# Apply greater than to a list

How can I apply greater than $>$ to a list?

Example 1

list={1,4,5,-2}


How can I apply $>$ to the list to find all elements of the list greater than 0?

Desired output

{True,True,True,False}


Example 2

list={-(r/(-d + k r)), -(r/(-d + k r)), 0}


How can I apply $>$ to the list to find all elements of the list greater than or equal to 0 in combination with Reduce?

Desired output

The same as

Reduce[{list[] >= 0, list[] >= 0, list[] >= 0}]


which has output

(k < 0 && ((d < 0 && (r <= 0 || r > d/k)) || (d ==
0 && (r < 0 || r > 0)) || (d >
0 && (r < d/k || r >= 0)))) || (k ==
0 && ((d < 0 && r <= 0) || (d > 0 && r >= 0))) || (k >
0 && ((d < 0 && d/k < r <= 0) || (d > 0 && 0 <= r < d/k)))


For the first question, you can map GreaterThan over the list of values.

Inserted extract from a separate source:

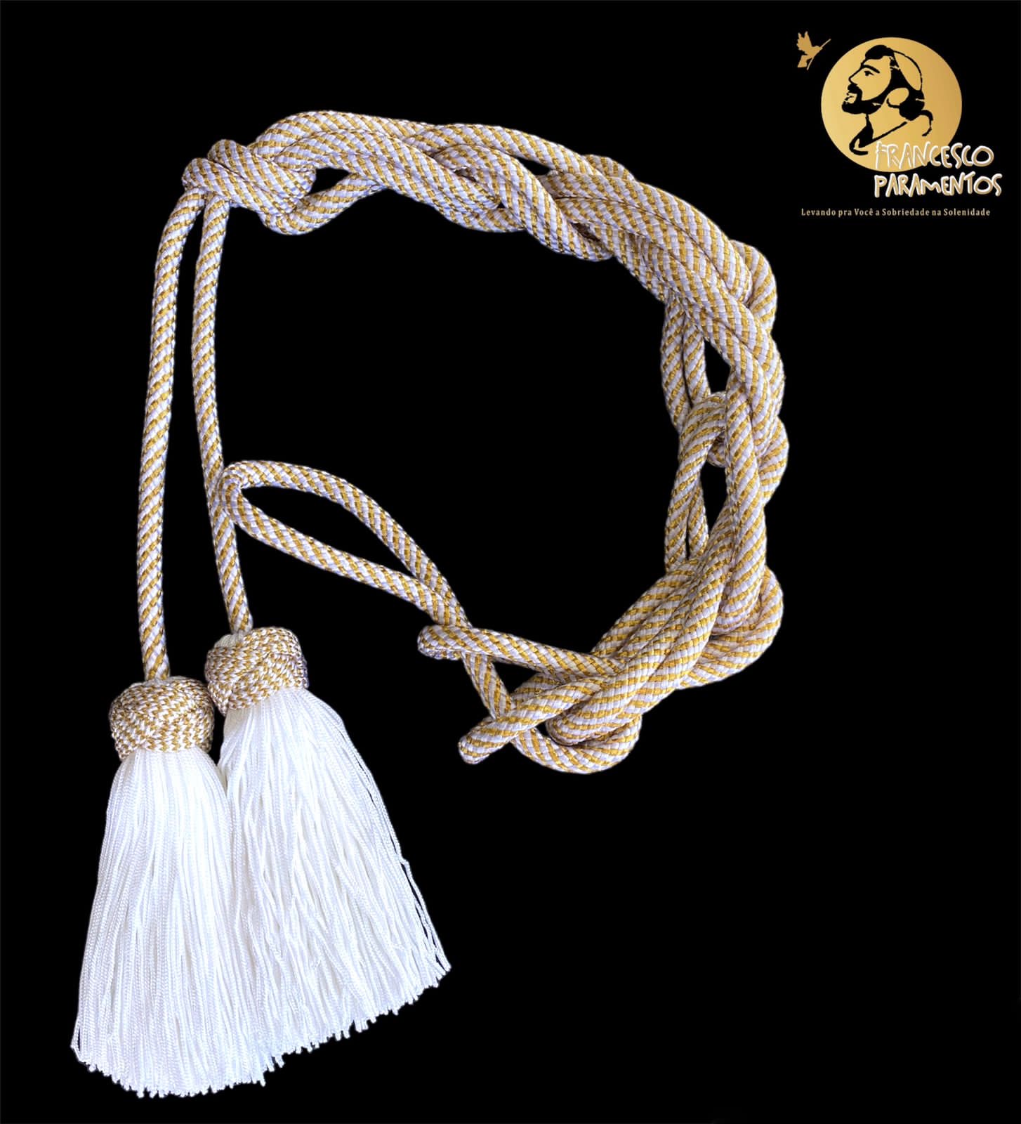 Cíngulo italiano cor litúrgica com dourado modelo São Mateus.

If they are numeric, it will evaluate to True or False.

GreaterThan /@ {1, 4, 5, -2}
(* {True, True, True, False} *)


If the list is not numeric, it does not evaluate,

GreaterThan /@ {-(r/(-d + k r)), -(r/(-d + k r)), 0}
(* {-(r/(-d + k r)) > 0, -(r/(-d + k r)) > 0, False} *)


and so you can feed the above directly to Reduce after removing the last element because Reduce[{anything, False}] returns False.

Reduce[GreaterThan /@ {-(r/(-d + k r)), -(r/(-d + k r))}]
(* (k <
0 && ((d <= 0 && (r < 0 || r > d/k)) || (d >
0 && (r < d/k || r > 0)))) || (k ==
0 && ((d < 0 && r < 0) || (d > 0 && r > 0))) || (k >
0 && ((d < 0 && d/k < r < 0) || (d > 0 && 0 < r < d/k))) *)


Note

Reduce[GreaterEqualThan /@ {-(r/(-d + k r)), -(r/(-d + k r)),0}]


solves the second example.

• Thanks. This is what I was working for.
– AzJ
May 1, 2018 at 17:06
Positive @ {1, 4, 5, -2} (* or *)


{True, True, True, False}

FullSimplify @ Reduce[NonNegative /@ {-(r/(-d + k r)), -(r/(-d + k r))}] (* or *)
FullSimplify @ Reduce[Thread[GreaterEqual[{-(r/(-d + k r)), -(r/(-d + k r))}, 0]]]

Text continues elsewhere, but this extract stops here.